During the course of the Cold War, New Zealand and the Philippines were both part of the Southeast Asia Treaty Organization from 1954 to 1977. The Royal New Zealand Air Force has also conducted exercises in the Philippines.

Economic relations

New Zealand's total exports to the Philippines in 2010 amounted to about US$475 million representing a 30% increase from 2009 making the Philippines one of their major export market.

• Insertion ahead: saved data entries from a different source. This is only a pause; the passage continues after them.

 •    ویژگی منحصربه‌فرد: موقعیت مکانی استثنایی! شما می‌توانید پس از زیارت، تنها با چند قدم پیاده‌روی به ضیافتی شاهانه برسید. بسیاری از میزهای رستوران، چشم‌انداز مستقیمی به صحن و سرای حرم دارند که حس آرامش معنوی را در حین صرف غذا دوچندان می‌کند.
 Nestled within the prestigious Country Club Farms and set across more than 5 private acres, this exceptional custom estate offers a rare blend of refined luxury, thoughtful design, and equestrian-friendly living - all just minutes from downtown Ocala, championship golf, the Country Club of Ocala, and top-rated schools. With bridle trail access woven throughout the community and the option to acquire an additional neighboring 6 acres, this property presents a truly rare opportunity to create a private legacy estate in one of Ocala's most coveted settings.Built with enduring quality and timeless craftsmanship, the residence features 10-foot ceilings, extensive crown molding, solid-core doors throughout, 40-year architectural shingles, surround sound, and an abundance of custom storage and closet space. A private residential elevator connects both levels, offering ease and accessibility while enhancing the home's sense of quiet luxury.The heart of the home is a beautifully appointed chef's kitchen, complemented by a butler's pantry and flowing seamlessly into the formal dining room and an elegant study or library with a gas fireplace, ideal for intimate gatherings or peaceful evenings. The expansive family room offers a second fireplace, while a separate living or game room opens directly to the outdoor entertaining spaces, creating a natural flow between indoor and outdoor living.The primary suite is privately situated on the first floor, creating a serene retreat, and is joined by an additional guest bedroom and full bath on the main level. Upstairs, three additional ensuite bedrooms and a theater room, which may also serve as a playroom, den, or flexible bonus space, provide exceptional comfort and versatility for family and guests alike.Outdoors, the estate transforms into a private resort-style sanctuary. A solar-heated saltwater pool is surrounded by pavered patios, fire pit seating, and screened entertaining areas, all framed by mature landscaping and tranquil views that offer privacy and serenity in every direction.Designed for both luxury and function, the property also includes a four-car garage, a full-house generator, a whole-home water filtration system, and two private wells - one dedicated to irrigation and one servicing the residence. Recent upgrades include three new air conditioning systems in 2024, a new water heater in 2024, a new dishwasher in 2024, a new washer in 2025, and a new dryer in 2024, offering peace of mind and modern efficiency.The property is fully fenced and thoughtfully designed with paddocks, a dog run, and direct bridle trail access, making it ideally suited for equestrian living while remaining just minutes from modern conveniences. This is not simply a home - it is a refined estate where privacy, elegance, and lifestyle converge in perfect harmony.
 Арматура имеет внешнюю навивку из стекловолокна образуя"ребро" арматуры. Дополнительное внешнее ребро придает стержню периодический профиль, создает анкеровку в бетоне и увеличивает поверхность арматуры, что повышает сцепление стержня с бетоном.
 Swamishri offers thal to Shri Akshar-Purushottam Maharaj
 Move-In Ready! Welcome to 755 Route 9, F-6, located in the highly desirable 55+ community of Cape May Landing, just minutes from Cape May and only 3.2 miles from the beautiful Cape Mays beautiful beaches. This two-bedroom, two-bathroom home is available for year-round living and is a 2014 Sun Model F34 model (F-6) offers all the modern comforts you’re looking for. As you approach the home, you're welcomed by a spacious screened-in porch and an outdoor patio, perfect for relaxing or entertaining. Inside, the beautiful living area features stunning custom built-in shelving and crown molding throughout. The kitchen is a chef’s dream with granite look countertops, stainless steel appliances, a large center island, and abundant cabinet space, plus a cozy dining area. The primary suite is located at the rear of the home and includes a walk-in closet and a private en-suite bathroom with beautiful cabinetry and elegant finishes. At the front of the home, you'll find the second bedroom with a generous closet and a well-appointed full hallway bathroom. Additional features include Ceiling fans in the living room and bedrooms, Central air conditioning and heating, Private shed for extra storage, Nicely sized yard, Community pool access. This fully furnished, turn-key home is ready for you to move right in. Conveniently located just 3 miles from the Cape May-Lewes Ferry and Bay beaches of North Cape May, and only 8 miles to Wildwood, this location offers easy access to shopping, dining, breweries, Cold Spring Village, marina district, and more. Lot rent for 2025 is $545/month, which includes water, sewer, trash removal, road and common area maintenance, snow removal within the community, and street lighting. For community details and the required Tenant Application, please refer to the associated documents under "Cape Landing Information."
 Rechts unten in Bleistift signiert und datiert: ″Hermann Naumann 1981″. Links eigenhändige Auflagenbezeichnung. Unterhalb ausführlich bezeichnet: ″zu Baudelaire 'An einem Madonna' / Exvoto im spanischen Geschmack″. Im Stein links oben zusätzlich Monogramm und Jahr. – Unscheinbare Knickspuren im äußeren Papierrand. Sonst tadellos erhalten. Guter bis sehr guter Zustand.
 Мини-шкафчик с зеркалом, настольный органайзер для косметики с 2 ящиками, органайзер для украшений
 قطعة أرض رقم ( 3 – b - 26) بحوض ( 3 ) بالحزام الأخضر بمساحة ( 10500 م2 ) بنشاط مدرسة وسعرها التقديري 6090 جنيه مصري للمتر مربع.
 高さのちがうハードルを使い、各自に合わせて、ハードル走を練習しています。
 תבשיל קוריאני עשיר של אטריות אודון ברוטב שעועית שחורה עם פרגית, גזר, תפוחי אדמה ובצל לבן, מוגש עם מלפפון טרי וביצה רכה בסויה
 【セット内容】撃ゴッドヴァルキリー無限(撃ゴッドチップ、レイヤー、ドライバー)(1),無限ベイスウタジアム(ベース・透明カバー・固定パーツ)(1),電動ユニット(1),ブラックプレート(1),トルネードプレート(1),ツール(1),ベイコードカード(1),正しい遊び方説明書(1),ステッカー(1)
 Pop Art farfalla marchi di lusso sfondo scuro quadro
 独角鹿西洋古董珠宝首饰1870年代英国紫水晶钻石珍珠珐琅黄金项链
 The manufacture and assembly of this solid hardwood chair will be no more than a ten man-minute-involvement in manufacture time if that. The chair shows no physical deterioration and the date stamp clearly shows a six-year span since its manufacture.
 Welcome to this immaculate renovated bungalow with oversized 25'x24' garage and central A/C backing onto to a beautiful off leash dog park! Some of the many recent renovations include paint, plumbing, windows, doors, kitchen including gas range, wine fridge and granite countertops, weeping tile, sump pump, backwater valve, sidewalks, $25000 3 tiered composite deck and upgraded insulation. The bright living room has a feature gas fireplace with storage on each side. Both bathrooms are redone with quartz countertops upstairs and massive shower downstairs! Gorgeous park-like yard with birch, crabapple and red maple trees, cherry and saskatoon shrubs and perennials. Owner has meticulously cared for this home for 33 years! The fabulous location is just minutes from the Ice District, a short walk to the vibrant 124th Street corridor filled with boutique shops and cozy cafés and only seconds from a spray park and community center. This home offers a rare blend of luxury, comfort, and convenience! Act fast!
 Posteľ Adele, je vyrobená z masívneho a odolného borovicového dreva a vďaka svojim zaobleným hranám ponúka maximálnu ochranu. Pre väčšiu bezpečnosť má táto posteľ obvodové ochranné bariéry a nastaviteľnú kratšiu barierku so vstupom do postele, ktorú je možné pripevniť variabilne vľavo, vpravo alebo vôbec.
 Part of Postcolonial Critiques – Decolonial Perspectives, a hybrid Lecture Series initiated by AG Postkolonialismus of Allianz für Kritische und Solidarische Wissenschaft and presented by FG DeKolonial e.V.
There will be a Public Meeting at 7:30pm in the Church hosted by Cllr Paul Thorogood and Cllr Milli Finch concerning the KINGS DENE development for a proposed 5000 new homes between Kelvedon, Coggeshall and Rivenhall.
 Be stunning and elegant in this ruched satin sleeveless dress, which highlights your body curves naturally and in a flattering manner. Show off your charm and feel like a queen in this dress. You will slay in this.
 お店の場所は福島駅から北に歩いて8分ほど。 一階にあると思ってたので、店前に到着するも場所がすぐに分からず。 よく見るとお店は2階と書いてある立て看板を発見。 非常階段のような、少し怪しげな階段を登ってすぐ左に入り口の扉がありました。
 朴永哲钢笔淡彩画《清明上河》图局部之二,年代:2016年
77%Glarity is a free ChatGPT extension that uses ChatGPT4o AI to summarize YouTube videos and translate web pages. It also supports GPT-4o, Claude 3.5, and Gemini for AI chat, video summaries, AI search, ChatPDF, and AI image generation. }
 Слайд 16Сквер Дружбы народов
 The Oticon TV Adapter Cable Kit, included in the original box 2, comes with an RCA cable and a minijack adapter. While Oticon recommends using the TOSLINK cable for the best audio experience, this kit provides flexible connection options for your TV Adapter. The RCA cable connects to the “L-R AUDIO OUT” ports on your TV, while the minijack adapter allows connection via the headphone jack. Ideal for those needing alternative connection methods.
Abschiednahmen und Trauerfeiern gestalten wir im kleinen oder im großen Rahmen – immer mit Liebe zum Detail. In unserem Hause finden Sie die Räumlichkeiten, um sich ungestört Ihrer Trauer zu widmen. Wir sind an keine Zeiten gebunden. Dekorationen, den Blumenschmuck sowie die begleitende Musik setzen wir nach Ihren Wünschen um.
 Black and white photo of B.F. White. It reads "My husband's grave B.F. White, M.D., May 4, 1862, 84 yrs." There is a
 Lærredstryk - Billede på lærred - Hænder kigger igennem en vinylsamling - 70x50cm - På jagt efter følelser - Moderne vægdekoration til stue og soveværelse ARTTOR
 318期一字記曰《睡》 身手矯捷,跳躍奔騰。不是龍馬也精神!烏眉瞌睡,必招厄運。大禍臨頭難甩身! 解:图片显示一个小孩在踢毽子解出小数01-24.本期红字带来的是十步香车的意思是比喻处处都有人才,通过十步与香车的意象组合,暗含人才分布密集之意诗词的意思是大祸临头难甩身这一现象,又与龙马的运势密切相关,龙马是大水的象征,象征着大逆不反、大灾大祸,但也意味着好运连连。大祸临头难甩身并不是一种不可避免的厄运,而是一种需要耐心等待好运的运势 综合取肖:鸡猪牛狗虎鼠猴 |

Philippine Foreign Affairs Secretary Albert del Rosario made a two-day official visit to New Zealand upon the invitation of Foreign Minister Murray McCully. The Secretary noted the increasing business activities between the Philippines and New Zealand as more companies in both countries explore and engage in business and investment opportunities in the dairy, information technology, geothermal and other sectors.

State visit

In October 2012, President Benigno Aquino III made a state visit to New Zealand. He witnessed the signing of three bilateral agreements meant to further strengthen diplomatic relations between Manila and Wellington. The signing followed a bilateral meeting between President Aquino and Prime Minister John Key, both held at the Parliament Building. The accords deal with a reciprocal working holiday scheme, defense cooperation and geothermal energy.

Police assistance
In 2009, the New Zealand Police was helping the Philippine National Police combat methamphetamine. The New Zealand Police also helps in providing training to the Philippine National Police.

Migration
In 2013, there were over 40,000 Filipinos residing in New Zealand.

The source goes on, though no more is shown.